+++ DATA PROVIDED

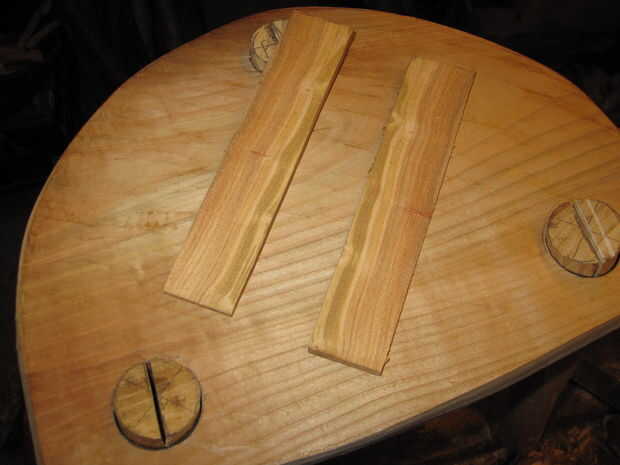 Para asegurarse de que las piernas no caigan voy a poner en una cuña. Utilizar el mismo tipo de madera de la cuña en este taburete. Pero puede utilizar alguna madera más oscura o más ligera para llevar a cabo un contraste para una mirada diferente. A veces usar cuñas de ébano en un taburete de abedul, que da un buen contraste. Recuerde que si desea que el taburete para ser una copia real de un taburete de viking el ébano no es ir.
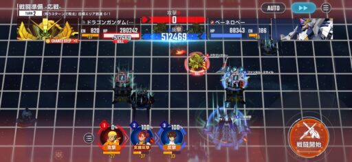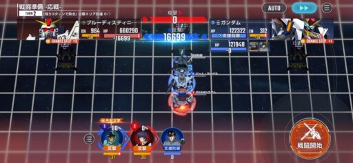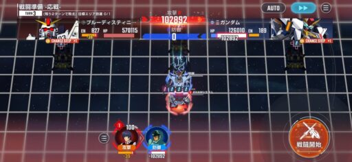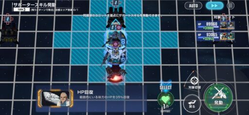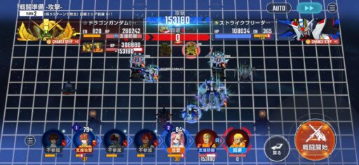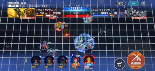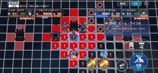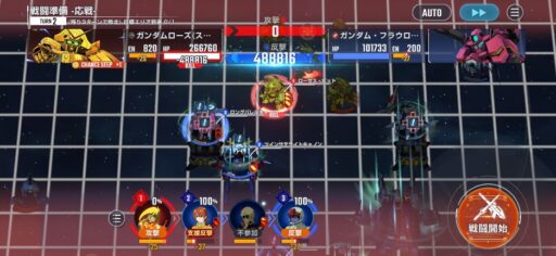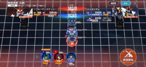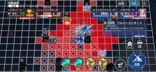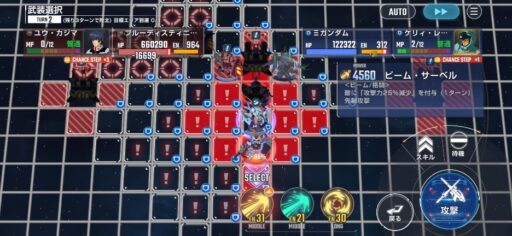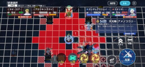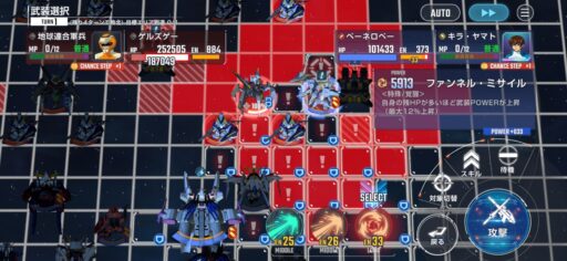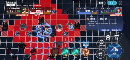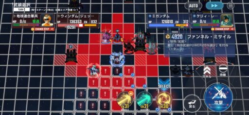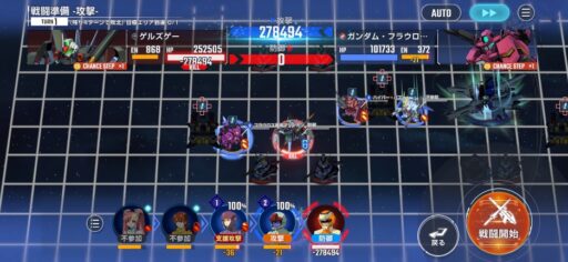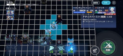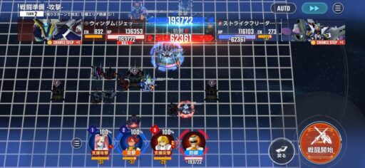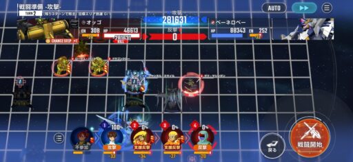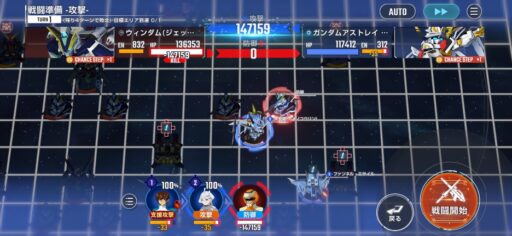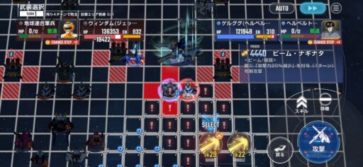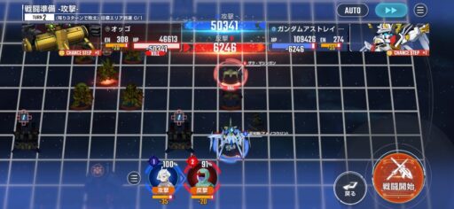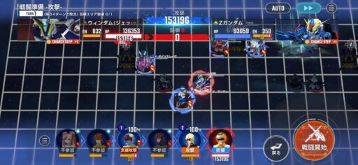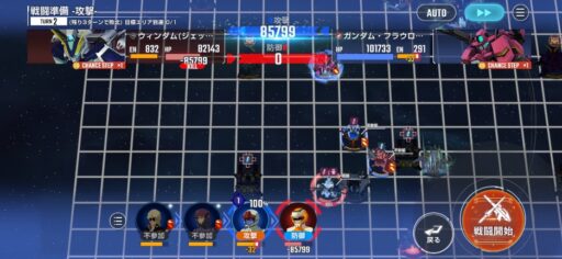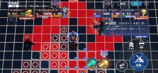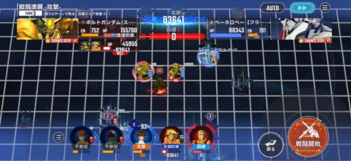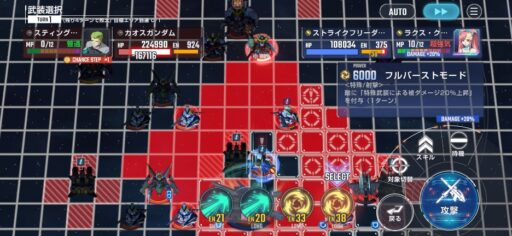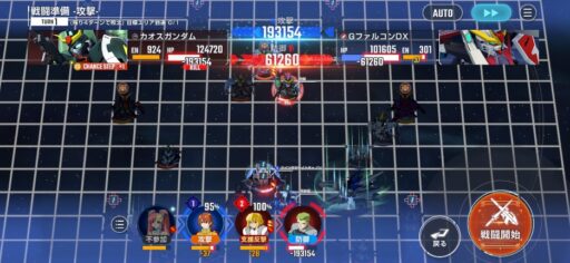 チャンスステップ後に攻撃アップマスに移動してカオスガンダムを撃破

++++++
+++ DATA PROVIDED

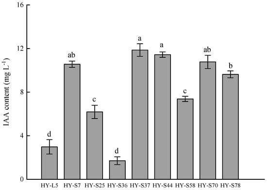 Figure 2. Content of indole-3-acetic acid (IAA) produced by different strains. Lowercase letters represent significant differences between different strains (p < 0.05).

++++++

▸ **EXERCISE AIM**:
Precisely those lines above that run from the line with "Para asegurarse de" up to and including the line with "チャンスステップ後に攻撃アップマスに移動してカオスガンダムを撃破" are to be set down, with the pictures omitted.

▸ **RESULT**:
 Para asegurarse de que las piernas no caigan voy a poner en una cuña. Utilizar el mismo tipo de madera de la cuña en este taburete. Pero puede utilizar alguna madera más oscura o más ligera para llevar a cabo un contraste para una mirada diferente. A veces usar cuñas de ébano en un taburete de abedul, que da un buen contraste. Recuerde que si desea que el taburete para ser una copia real de un taburete de viking el ébano no es ir.
 チャンスステップ後に攻撃アップマスに移動してカオスガンダムを撃破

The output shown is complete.